1. Please implement the TFIDf function such that for each word in a sentence, its corresponding tfidf value is assigned. Thus a 4 x 6 sized matrix should be returned where the rows represent sentences and the columns represent words. We wish to keep it simple in the beginning.

2. In reality the TFIDF function should return a matrix where the rows represent sentences and the columns represent words (ie: Features). Every sentence vector in this matrix will be 'd' dimensional, where d = number of unique words in the corpus (ie: Vocabulary).
Every position/cell in a sentence vector correponds to a particular word in the vocabulary. If the word is not present in the current sentence, we assign a value of 0 to that cell, else we assign the TFIDF value.

# **Implement TF-IDF from scratch**

In this assignment, you will implement TF-IDF vectorization of text from scratch using only Python and inbuilt data structures. You will then verify the correctness of the your implementation using a "grader" function/cell (provided by us) which will match your implmentation.

The grader fucntion would help you validate the correctness of your code. 

Please submit the final Colab notebook in the classroom ONLY after you have verified your code using the grader function/cell.

**(FAQ) Why bother about implementing a function to compute TF-IDF when it is already available in major libraries?**

Ans.
1. It helps you improve your coding proficiency.
2. It helps you obtain a deeper understanding of the concepts and how it works internally. Knowledge of the internals will also help you debug problems better.
3. A lot of product based startups and companies do focus on this in thier interviews to gauge your depth and clarity of understanding along with your programming skills. Hence, most top universities have implementations of some ML algorithms/concepts as mandatory assignments.

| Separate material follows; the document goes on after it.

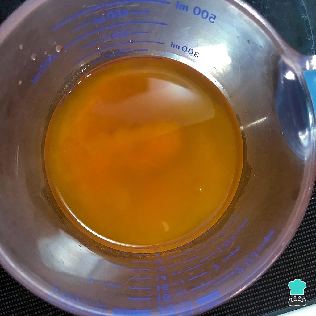 À parte misture os ingredientes molhados: a água morna, o purê de abóbora e o xarope de bordo.

**NOTE: DO NOT change the "grader" functions or code snippets written by us.Please add your code in the suggested locations.**

Ethics Code:
1. You are welcome to read up online resources to implement the code. 
2. You can also discuss with your classmates on the implmentation over Slack.
3. But, the code you wirte and submit should be yours ONLY. Your code will be compared against other stduents' code and online code snippets to check for plagiarism. If your code is found to be plagiarised, you will be awarded zero-marks for all assignments, which have a 10% wieghtage in the final marks for this course.

In [None]:
# Corpus to be used for this assignment

corpus = [
     'this is the first document mostly',
     'this document is the second document',
     'and this is the third one',
     'is this the first document here',
]

In [None]:
from collections import Counter
from math import log
import numpy as np


In [None]:
# Please implement this fucntion and write your code wherever asked. Do NOT change the code snippets provided by us.
def computeTFIDF (corpus):
  """Given a list of sentences as "corpus", return the TF-IDF vectors for all the 
  sentences in the corpus as a numpy 2D matrix. 
  
  Each row of the 2D matrix must correspond to one sentence 
  and each column corresponds to a word in the text corpus. 
  
  Please order the rows in the same order as the 
  sentences in the input "corpus". 
  
  Please order the words in the columns in the 
  alphabetic order when you featurize the corpus. 
  
  Ignore puncutation symbols like comma, fullstop, 
  exclamation, question-mark etc from the input corpus.
  
  For e.g, If the corpus contains sentences with these 
  9 distinct words, ['and', 'document', 'first', 'is', 'one', 'second', 'the', 'third', 'this'], 
  then the first column of the 2D matrix will correpsond to word "and", the second column will 
  correspond to column "document" and so on. 
  
  Write this function using only basic Python code, inbuilt Data Structures and  NumPy ONLY.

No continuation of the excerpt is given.